The company explained that the loan agreements evidenced by letters of offer of credit facility were all between Diamond Bank Plc. (now Access Bank Plc.) and Cardinal Drilling Services Limited, while the three Deeds of Debenture to the loan were over specific and fixed assets of Cardinal Drilling viz four Drilling Rigs set out in the schedules of the three Deeds of Debenture.
Seplat Petroleum Company had appealed the December 24, 2020 decision of the Federal High Court granting injunctions that, among others, resulted in the sealing of its corporate offices in Lagos.
The trial judge, Hon. Justice R.M Aikawa, of Lagos Division of the Federal High Court had in the said ruling in Access Bank Plc. V. Seplat Petroleum Development Company Ltd. declined to discharge the orders of interim injunction made ex-parte against Seplat on November 23, 2020 as amended by the order made on November 30, 2020.
The trial judge had instead proceeded to determine Access Bank’s application for interlocutory injunction and held that the court’s ruling on the said application had rendered Seplat’s application to discharge the Injunctions academic. He therefore proceeded to strike it out.
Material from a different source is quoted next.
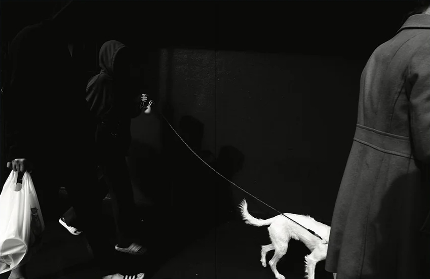 With that nod to Frank, I am also reminded of Matt Black’s American Geography, Bryan Schutmaat’s Sons of the Living, and maybe, if not the same geography, Trent Parke’s monumental, Monument, and of course, where would we be without the training ground of O. Winston Link and Mike Brody, whose fascination with the rails have both been widely documented. What sets Leblanc apart from those that I have mentioned is this chloroformed feeling of nausea presented in the work, perhaps if not nausea, anxiety is the lighter secondary term of expressive feeling I get. Everything is cloaked in shadow, and when I find people, animals, or vistas within the work, they all feel horrific. And on that very topic, the signal to Ghostface, from Wes Craven’s Scream, is a character that looms large over the book, suggesting, in its usage, that what we are dealing with here is a horror movie within a horror movie, where we can speak about the mechanics of decay and the unfolding of empire from inside of it. It is not a casual reference that Ghostface ends up here.

Dissatisfied with the ruling, Seplat filed an appeal.
The grounds of appeal include alleged denial of fair hearing in respect of the issues raised and reliefs sought in the said application.
Seplat argued that whereas its application to vacate the said order was filed and argued by the parties, the lower court failed to rule on it.
The company argued that the loan agreements evidenced by letters of offer of credit facility were all between Diamond Bank Plc. (now Access Bank Plc.) and Cardinal Drilling Services Limited, while the three Deeds of Debenture to the loan were over specific and fixed assets of Cardinal Drilling viz four Drilling Rigs set out in the schedules of the three Deeds of Debenture.
As such, Seplat, in the appeal, maintains that it has no connection whatsoever with the said credit facility or the debenture with which it was secured, hence no Receiver/Manager had been or could be validly appointed by Access Bank in respect of the assets and undertaking of the company.
Seplat, through its counsel, also contended that the affidavits filed in support of the application for the interim injunction and the Motion on Notice were defective, while also alleging material misrepresentation and suppression of facts on the part of Access Bank, especially the claim by the bank that Seplat and its chairman undertook to repay the indebtedness of Cardinal Drilling Limited when no such undertaking was made by either Seplat or its chairman.
Seplat is, therefore, praying the Court of Appeal to set aside the order of interlocutory injunction granted by the Federal High Court and also order the Chief Judge of the Federal High Court or the Administrative Judge of the Federal High Court to reassign the suit from the court of Honourable Justice R.M Aikawa to the court of another judge of the FHC.